3 Key Takeaways from SampleCon 2024

Missed SampleCon? Here are 3 things you need to know from the conference.

You could be forgiven for thinking that a conference held near a lake in Georgia might focus on BBQ or enjoying the balmier weather. And while attendees at SampleCon last week did enjoy beautiful surroundings, pickleball tournaments and delicious coffee (thank you Cint!), the hottest topic of conversation was data quality.

It was Shifra and Ben’s first time attending – here are their 3 key takeaways from the conference:


1. A thoughtful approach to AI & synthetic data

While many industries have jumped on the AI bandwagon, SampleCon attendees were united in taking a more reasoned approach. The consensus was that synthetic data may soon be relied upon to complete survey quotas. But with the caveat that with data quality already a known issue, there’s an awareness that with AI, the principle of garbage-in, garbage-out applies. The prospect of training LLMs and AI with poor quality data being a very real cause for concern.

With no considerable increase in budgets on the horizon, the thinking was that ultimately surveys will rely on fewer ‘real’ participants, with increased verification and a higher CPI, generating higher quality data, and that data will ‘feed’ the models. Even with a higher CPI, the cost efficiencies of synthetic data mean it’s likely to net out at the same cost.


2. Acknowledgement that the participant experience must improve

It was particularly heartening to hear that there’s a general consensus the participant experience must improve - at Ayda it’s something we’re passionate about. Particularly interesting discussions were held around:

The value of a central clearing house for participant data
In some cases, participants are sent from pillar to post, and it’s not uncommon to be asked to provide the same demographic data multiple times, all for one single survey. It’s a terrible experience and one that would be significantly improved with a centrally verified repository.

Designing surveys to engage participants
With attention spans notoriously limited, as an industry we need to move away from designing 20-30 minute surveys and embrace more innovative approaches.

Shifra’s co-panellist on The Good, The Bad, and the Ugly of Data Insights, Kayte Hamilton shared some particularly innovative approaches. It was fascinating to hear about her experience of using Instagram, its inbuilt functionality designed to drive engagement, and the influencers who are on the platform, create and engage audiences and insights.

Improving participant remuneration
In the race to the bottom to secure contracts, participant remuneration has suffered. Completing many surveys earns you even less than the minimum wage – it’s a poor reward for the effort required.

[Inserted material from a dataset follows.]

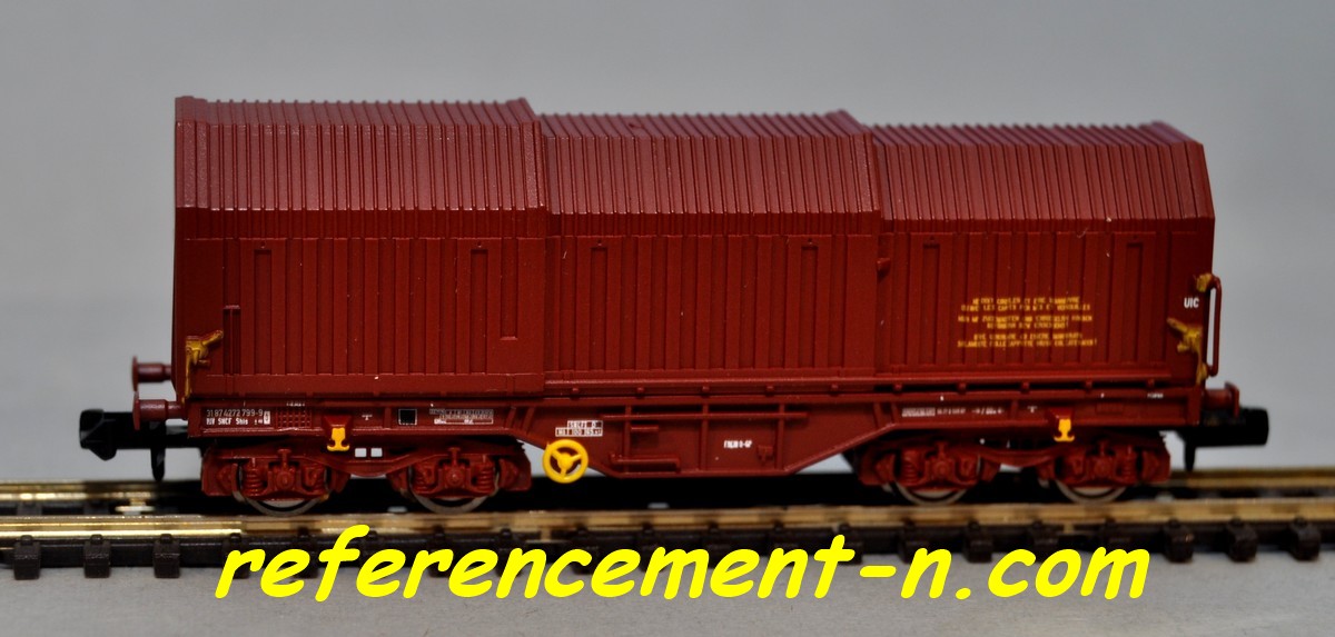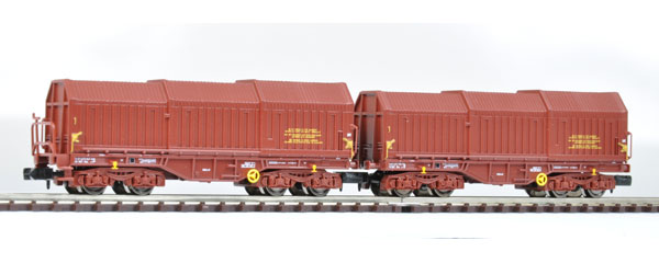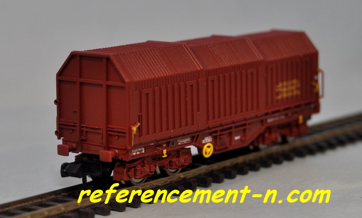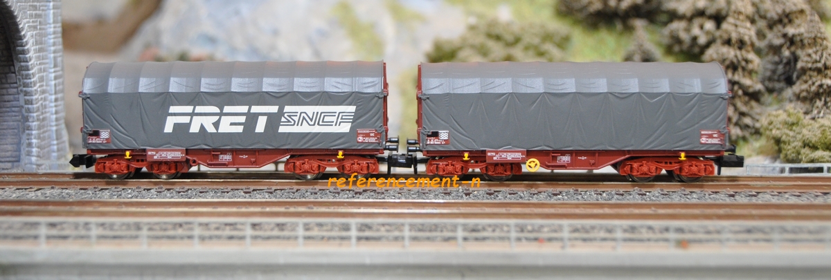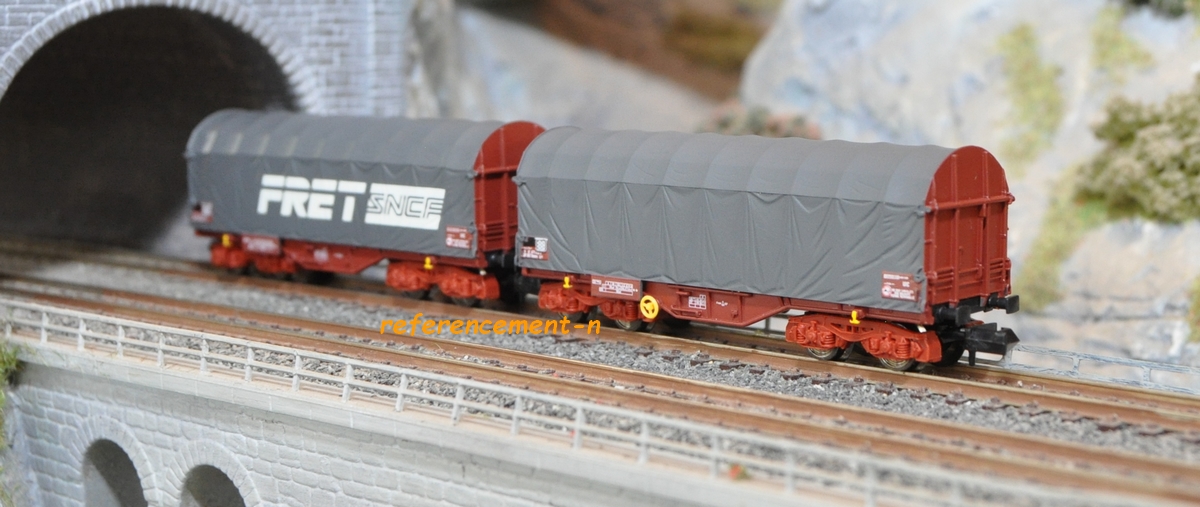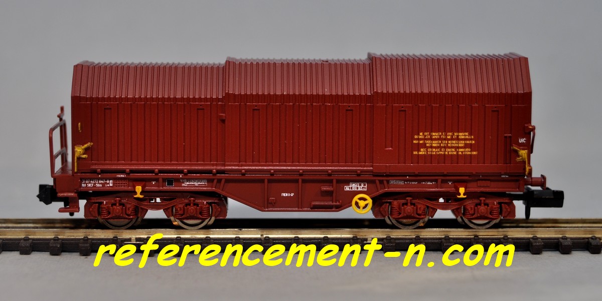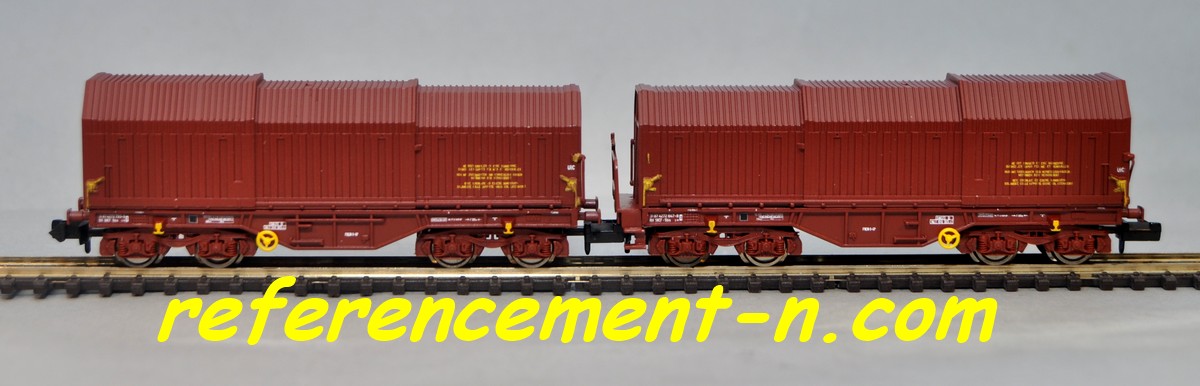 transport de bobine des tôles devant être protégées des intempéries Châssis brun et bâche grise Un wagon avec plateforme et bâche marquée FRET SNCF, un second sans plateforme ni marquage de bâche Attelages courts à élongation Longueur totale : 150 mm Annonce dans Loco Revue N° 764 de mars 2011 Annonce dans Rail Miniature Flash N° 548 de mars 2011 Annonce de la sortie dans Le Train N° 283 de novembre 2011 Annonce de la sortie dans Loco Revue N° 773 de décembre 2011 |

For those running businesses, the question is: How can we price ourselves up again to enable us to deliver the quality we want to?

Treating participants like community members
There are a number of companies with sizeable panels who engage with participants as if they were members of a community, taking a very human and often 1:1 approach to recruitment and retention.

This approach was echoed by Shifra’s co-panellist Dimitri Poliderakis of Potloc who specialises in sampling hard-to-reach audiences. The audiences Potloc builds are highly verified and high quality, and treating them like a community is part of what engages and retains them.

If we treat our panels like communities, could we reach the data quality we want? And could qual at scale actually be the solution to our survey data quality problems?

The community approach is in stark contrast to the river sample or programmatic approach that dominates surveys, where participants are largely treated as being disposable. While this is a huge source of volume for the sector, it’s also a huge headache. In the face of such dominance, is it actually within our control to effect change?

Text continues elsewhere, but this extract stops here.